If you ask a question you don't want an answer to, expect an answer you
don't want to hear.
Birthdays, Valentines, and Anniversaries are not quests to see if we can
find the perfect present once again.
Pub conversations usually involve sport, cars or the latest computer game
and not women, except a passing mention to the office babe with big
tits/tanned legs/pert butt.
Sometimes, he's not thinking about you. Live with it.
He's never thinking about "The Relationship."
Your mum doesn't have to be our best friend.
Get rid of your cat. And no, it's not different, it's just like every other
cat.
Dogs are better than ANY cats. Period.
Sunday = Sports. It's like the full moon or the changing of the tides. Let
it be.
Shopping is not everybody's idea of a good time.
Shopping is not a sport.
Anything you wear is fine. Really.
You have enough clothes.
You have too many shoes.
Crying is blackmail. Use it if you must, but don't expect us to like it.
Your brother is an idiot, your ex-boyfriend is an idiot and your Dad
probably is too.
Ask for what you want. Subtle hints don't work.
No, he doesn't know what day it is. He never will. Mark anniversaries on a
calendar.
Share the bathroom.
Share the closet.
Most guys own two or three pairs of shoes-what makes you think we'd be any
good at choosing which pair, out of thirty, would look good with your dress?
Yes and No are perfectly acceptable answers.
Construction of St. Paul's Cathedral, The Golden Gate bridge and the Sydney
Opera House are simple every-day tasks, washing and ironing are more
difficult.
A headache that lasts for 17 months is a problem. See a doctor.

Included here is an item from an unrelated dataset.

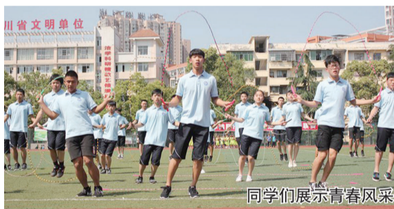
同学们展示青春风采

据悉,此次校园文化体育艺术节为期三天,将先后进行田径运动会、各年级大课间活动展示、校园足球班级联赛、教工运动会、文艺汇演等文化和体育艺术活动,
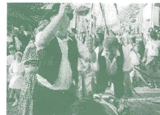
Szüreti mulatság, felvonulás.

Taking things apart is easy, putting them back together however takes longer
and there's bound to be something left over at the end.
Nothing says 'I love you' like a blowjob in the morning.
Foreign films are best left to foreigners.
Yes, pissing standing up is more difficult than peeing from point blank
range. We're bound to miss sometime.
Check your own oil.
Don't give us 50 rules when 25 will do.
Don't fake it. We'd rather be ineffective than deceived.
It is neither your interest nor ours to take the quiz together.
Don't ask us what we're thinking about unless you are prepared to discuss
such topics as navel lint, shotgun formation and carburettors.
Anything we said 6 or 8 months ago is inadmissible in an argument. All
comments become null and void after 7 days.
If you don't dress like a Baywatch babe, don't expect us to act like soap
opera guys.
If something we said can be interpreted two ways, and one of the ways makes
you sad and angry, we meant the other one.
Let us ogle. If we don't look at other women, how can we know how pretty you
are?
Don't rub the lamp if you don't want the genie to come out.
You can either ask us to do something OR tell us how you want it done - not
both.
Whenever possible, please say whatever you have to say during commercials.
Christopher Columbus didn't need directions, and neither do we.
Women wearing Wonderbras and low-cut blouses lose their right to complain
about having their boobs stared at.
When we're turning the wheel and the car is nosing onto the off-ramp, you
saying, "This is our exit," is not strictly necessary.
Nothing says 'I love you' quite like a blowjob in the morning.